Moving Upstream {Guest Post}

postcards to writers

I remember so distinctly a conversation I had in one of my moms’ groups the third week of November in 2016, just after 45 was elected. We were all devastated at the election results. How could this happen? Who even voted for that guy? What can we do? I can imagine that you were in conversations like that as well.

As we grieved together and consoled each other that night (over whiskey and wine), several of us shared concerns about our family (our daughters, especially), our neighbors, and especially the folks in our country who live on the margins. We talked about ways we could help the poor, the LGTBQ community, immigrants, women, people of color, indigenous people, the unemployed and unhoused.  We were concerned about the new administration’s impact on so many people, and while we worried we brainstormed our plans to help.
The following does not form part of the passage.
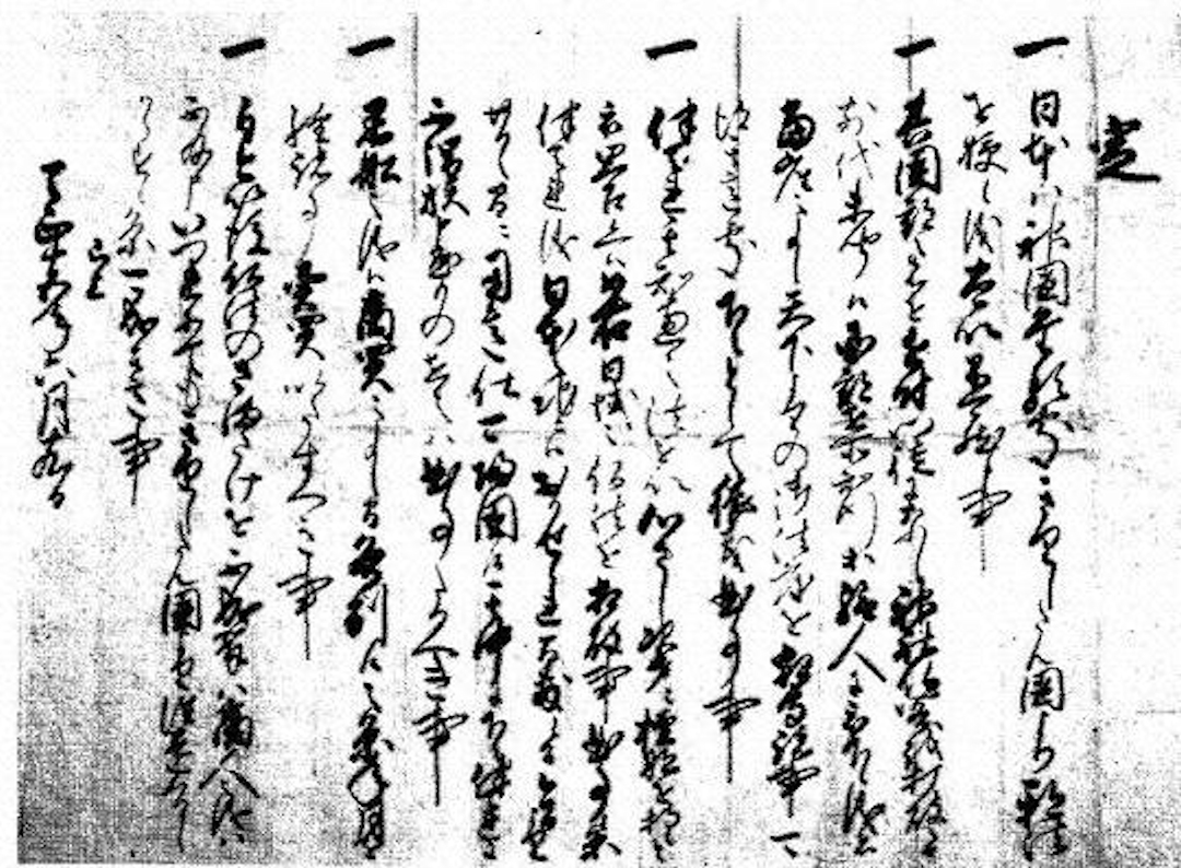 Hideyoshi Edict of expulsion of the Padres 1587 “定 日本ハ神國たる處、きりしたん國より邪法を授候儀、太以不可然候事。 其國郡之者を近附、門徒になし、神社佛閣を打破らせ、前代未聞候。國郡在所知行等給人に被下候儀者、當座之事候。天下よりの御法度を相守諸事可得其意處、下々として猥義曲事事。 伴天連其智恵之法を以、心さし次第二檀那を持候と被思召候ヘバ、如右日域之佛法を相破事前事候條、伴天連儀日本之地ニハおかせられ間敷候間、今日より廿日之間二用意仕可歸國候。其中に下々伴天連儀に不謂族申懸もの在之ハ、曲事たるへき事。 黑船之儀ハ商買之事候間、各別に候之條、年月を經諸事賣買いたすへき事。 自今以後佛法のさまたけを不成輩ハ、商人之儀ハ不及申、いつれにてもきりしたん國より往還くるしからす候條、可成其意事。 已上 天正十五年六月十九日 朱印” 吉利支丹伴天連追放令(原文は松浦史料博物館蔵の松浦家文書)

One woman said that she’d signed up for a shift at the local food distribution center. Another shared that she was talking with her kids about how to make a difference in our area. I had some experience through my faith community writing letters to elected officials asking them to pass legislation to alleviate hunger. I had also been taught the fable called “Babies in the River”. Many of you have heard this story, but I will briefly describe it here for those who have not.

One day, in the river near a small village, one of the villagers saw a baby floating downstream. She jumped in after the baby and saved it. She then cared for that child, kept it safe, and it grew strong. Soon one of her neighbors saw and saved another baby.  And then another. The whole community gathered together to plan how they could be sure that no babies went past their village. They built nets and cradles. They pureed vegetables and prepared soft foods. They created play areas and crafted baby clothes. They created an entire system to help the babies in the river. This is direct service.

After months of support (and many saved babies!), one villager asked “why are the babies in the river?” After some discussion, a few villagers decided to walk upstream to find out how babies came to be in the river floating downstream. They were determined to reduce the number of watery babies. This is advocacy.

Both direct service and advocacy is important. I work to find a balance. Writing postcards is part of advocacy. We write to voters to ask them to be engaged in their community. We encourage them to elect candidates that will write and support laws that will resolve problems in the current system that create more hunger, more people in jails and prisons, and so on. We ask voters to support laws that will stop the downstream impact of the hurt and pain. We want fewer “babies in the river”, so we ask the people that we write to “come upstream with us and we’ll find a way to make a better world”.

I’m proud to be a part of the Blue Wave Postcard movement. It’s a community that does the work necessary to change the upstream policies, and one that is making a difference.